PROBLEM TO WORK ON: Return every entry exactly as written, with the pictures removed.

<<<<

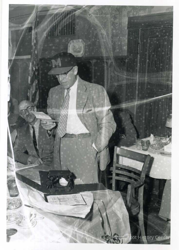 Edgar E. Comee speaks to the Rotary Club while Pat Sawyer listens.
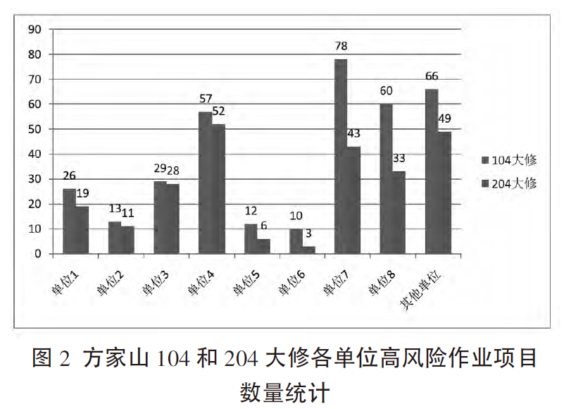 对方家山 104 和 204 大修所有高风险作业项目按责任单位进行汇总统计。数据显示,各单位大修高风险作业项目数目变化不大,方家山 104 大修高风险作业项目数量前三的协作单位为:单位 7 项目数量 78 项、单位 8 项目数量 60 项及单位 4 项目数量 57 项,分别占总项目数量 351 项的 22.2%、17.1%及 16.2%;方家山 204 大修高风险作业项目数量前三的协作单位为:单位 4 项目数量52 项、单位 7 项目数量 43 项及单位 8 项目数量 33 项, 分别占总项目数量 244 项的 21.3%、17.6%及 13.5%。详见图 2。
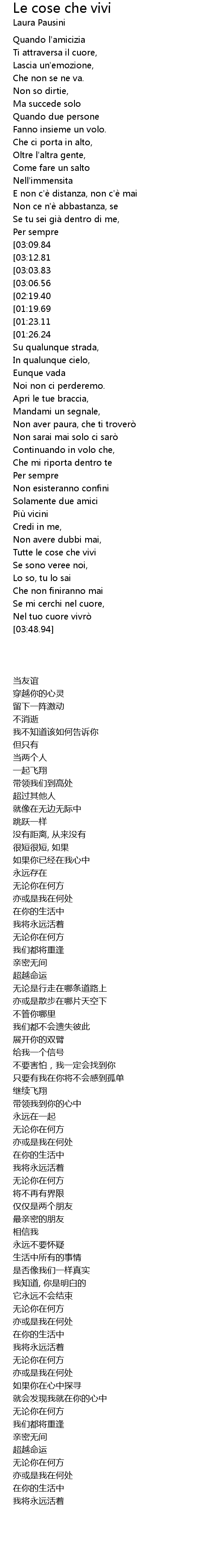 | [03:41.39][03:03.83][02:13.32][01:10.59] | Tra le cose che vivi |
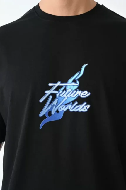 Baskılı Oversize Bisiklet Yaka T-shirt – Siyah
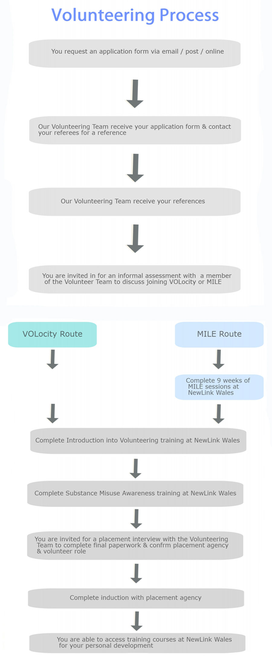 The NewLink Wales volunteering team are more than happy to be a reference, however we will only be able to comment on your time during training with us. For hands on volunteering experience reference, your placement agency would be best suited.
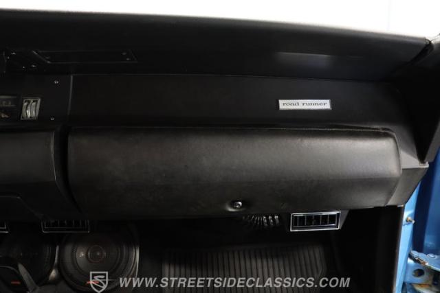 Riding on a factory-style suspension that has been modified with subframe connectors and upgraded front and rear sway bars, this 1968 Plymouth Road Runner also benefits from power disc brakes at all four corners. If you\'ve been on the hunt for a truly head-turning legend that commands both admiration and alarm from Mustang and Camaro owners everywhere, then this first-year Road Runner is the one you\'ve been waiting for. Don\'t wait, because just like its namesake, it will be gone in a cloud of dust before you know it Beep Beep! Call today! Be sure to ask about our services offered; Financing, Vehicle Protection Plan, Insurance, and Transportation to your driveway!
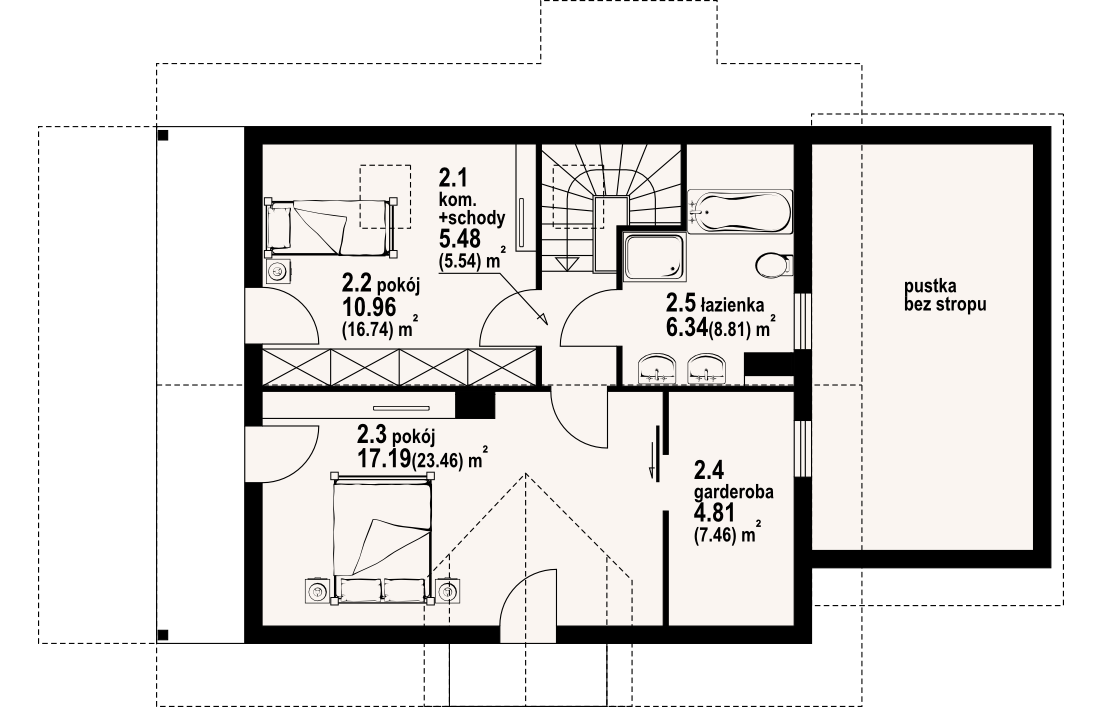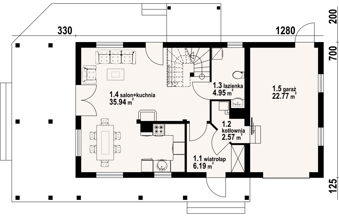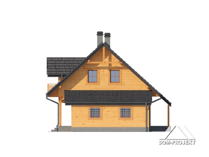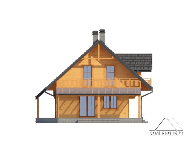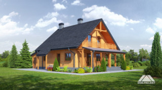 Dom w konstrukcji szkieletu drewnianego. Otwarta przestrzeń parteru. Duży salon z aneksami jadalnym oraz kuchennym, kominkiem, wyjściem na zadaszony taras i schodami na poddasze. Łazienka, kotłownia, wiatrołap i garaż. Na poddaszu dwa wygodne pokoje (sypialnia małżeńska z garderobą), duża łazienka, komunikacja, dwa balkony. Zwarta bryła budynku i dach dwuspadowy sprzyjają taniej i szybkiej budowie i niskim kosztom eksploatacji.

>>>>

SOLUTION:
 Edgar E. Comee speaks to the Rotary Club while Pat Sawyer listens.
 对方家山 104 和 204 大修所有高风险作业项目按责任单位进行汇总统计。数据显示,各单位大修高风险作业项目数目变化不大,方家山 104 大修高风险作业项目数量前三的协作单位为:单位 7 项目数量 78 项、单位 8 项目数量 60 项及单位 4 项目数量 57 项,分别占总项目数量 351 项的 22.2%、17.1%及 16.2%;方家山 204 大修高风险作业项目数量前三的协作单位为:单位 4 项目数量52 项、单位 7 项目数量 43 项及单位 8 项目数量 33 项, 分别占总项目数量 244 项的 21.3%、17.6%及 13.5%。详见图 2。
 | [03:41.39][03:03.83][02:13.32][01:10.59] | Tra le cose che vivi |
 Baskılı Oversize Bisiklet Yaka T-shirt – Siyah
 The NewLink Wales volunteering team are more than happy to be a reference, however we will only be able to comment on your time during training with us. For hands on volunteering experience reference, your placement agency would be best suited.
 Riding on a factory-style suspension that has been modified with subframe connectors and upgraded front and rear sway bars, this 1968 Plymouth Road Runner also benefits from power disc brakes at all four corners. If you\'ve been on the hunt for a truly head-turning legend that commands both admiration and alarm from Mustang and Camaro owners everywhere, then this first-year Road Runner is the one you\'ve been waiting for. Don\'t wait, because just like its namesake, it will be gone in a cloud of dust before you know it Beep Beep! Call today! Be sure to ask about our services offered; Financing, Vehicle Protection Plan, Insurance, and Transportation to your driveway!
 Dom w konstrukcji szkieletu drewnianego. Otwarta przestrzeń parteru. Duży salon z aneksami jadalnym oraz kuchennym, kominkiem, wyjściem na zadaszony taras i schodami na poddasze. Łazienka, kotłownia, wiatrołap i garaż. Na poddaszu dwa wygodne pokoje (sypialnia małżeńska z garderobą), duża łazienka, komunikacja, dwa balkony. Zwarta bryła budynku i dach dwuspadowy sprzyjają taniej i szybkiej budowie i niskim kosztom eksploatacji.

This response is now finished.